The Board of abrdn Diversified Income And Growth Plc (LSE:ADIG) announced the outcome of the strategic review process that commenced on 20 June 2023. The strategic review sought to address the material discount to net asset value ("NAV") at which the Company's shares have traded and consider how best to deliver value to shareholders. Following careful consideration of the options available to the Company, including asset sales and discussions with third parties, the Board has determined that it is in the best interests of its shareholders to continue the Company's existing investment strategy and to return optimal value by means of enhanced distributions, comprising realised gains and surplus available cash, through a combination of special dividends and a tender offer (the "Enhanced Distribution Programme").

The Enhanced Distribution Programme is expected to return between £30 million and £35 million to shareholders by the end of 2024 and further enhanced returns of value, including special dividends, are envisaged during 2025 and 2026 as a substantial part of the Company's private markets portfolio matures. Having considered a number of potential options under the strategic review, the Company continues to be committed to offering shareholders an attractive and differentiated investment proposition characterised by a genuinely diversified portfolio which provides access to a wide selection of asset classes, an attractive level of dependable income and defensive characteristics relative to the volatility of equity markets. Outcome of the strategic review: As noted at the outset of the strategic review, the Board has been encouraged that, in exceptionally volatile markets, Nalaka De Silva and the Company's wider investment team have continued to deliver steady performance under the Company's investment strategy adopted in 2020.

However, despite this, the Company's shares have continued to trade at a material and persistent discount to their NAV and, accordingly, the Board announced on 20 June 2023 that it was commencing a strategic review to consider how the Company can best deliver value to shareholders. Having consulted with abrdn Investments Limited (the "Investment Manager" or "abrdn") and taken third party advice regarding the market for secondary fund interests, the Board concluded that the early disposal of private market investments in current market conditions would necessitate a substantial discount to their long term realisable values, and thereby limit the value that could be achieved for shareholders. Accordingly, the Board has sought to avoid an outcome of the strategic review that would require material realisations of private market investments in the current market environment.

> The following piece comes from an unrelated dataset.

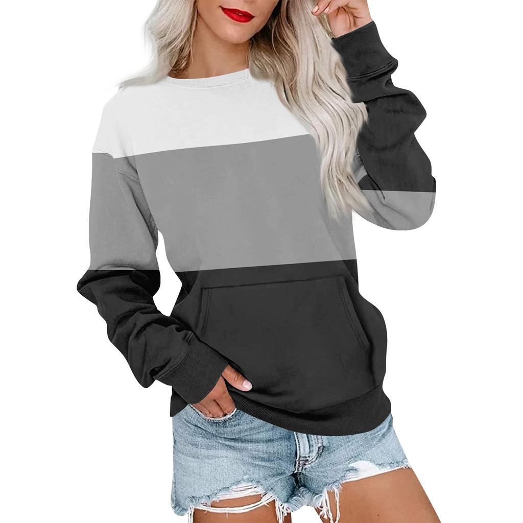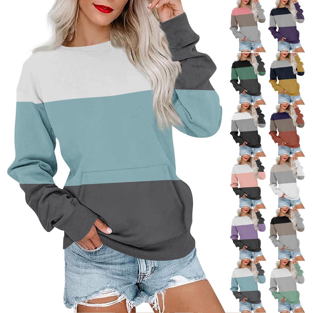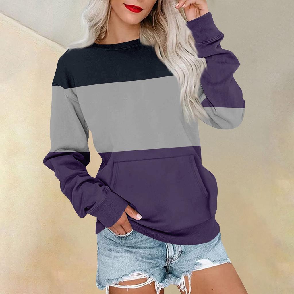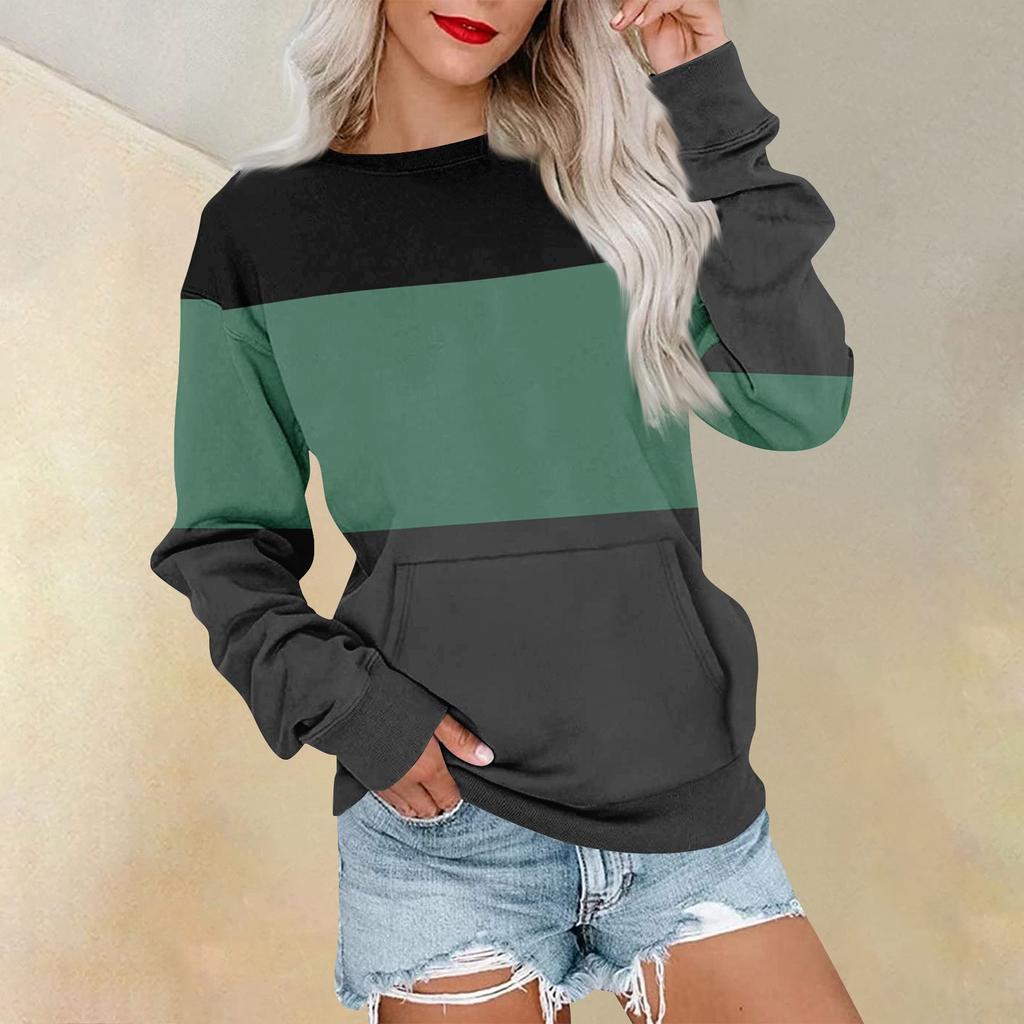 Женская модная повседневная блузка с длинным рукавом и круглым вырезом, цветной пуловер, топ, блузка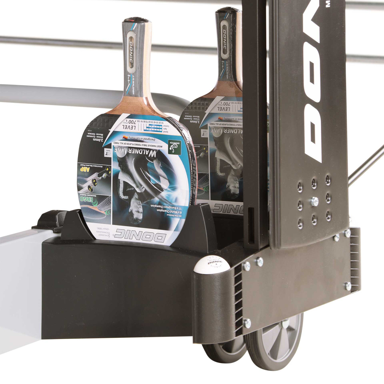 Mesa de interior robusta con tecnología compacta. Muy fácil de manejar gracias al sistema de bloqueo de seguridad. El tablero azul de 19 mm con estructura metálica de 36 mm alrededor garantiza un buen rebote de la pelota y estabilidad. Estructura inferior de tubo cuadrado de 25 x 25 mm. Las patas están reforzadas con 2 soportes metálicos. Incluye red y postes fijos, así como espacio para guardar raquetas y pelotas. Las ruedas de goma grandes de 128 mm proporcionan estabilidad y fácil manejo incluso en terrenos irregulares. Posición de juego libre: puedes jugar solo.

The Company received a number of proposals in response to the strategic review and, in particular, was engaged in discussions regarding potential combinations with other investment trusts that the Board believed could achieve the aims of the strategic review. Whilst these discussions were encouraging, the Board ultimately concluded that none of the third party proposals put forward would optimise shareholder value at this time, and determined that shareholder interests would be better served over the near to medium term by realising value from the Company's existing investment strategy and portfolio.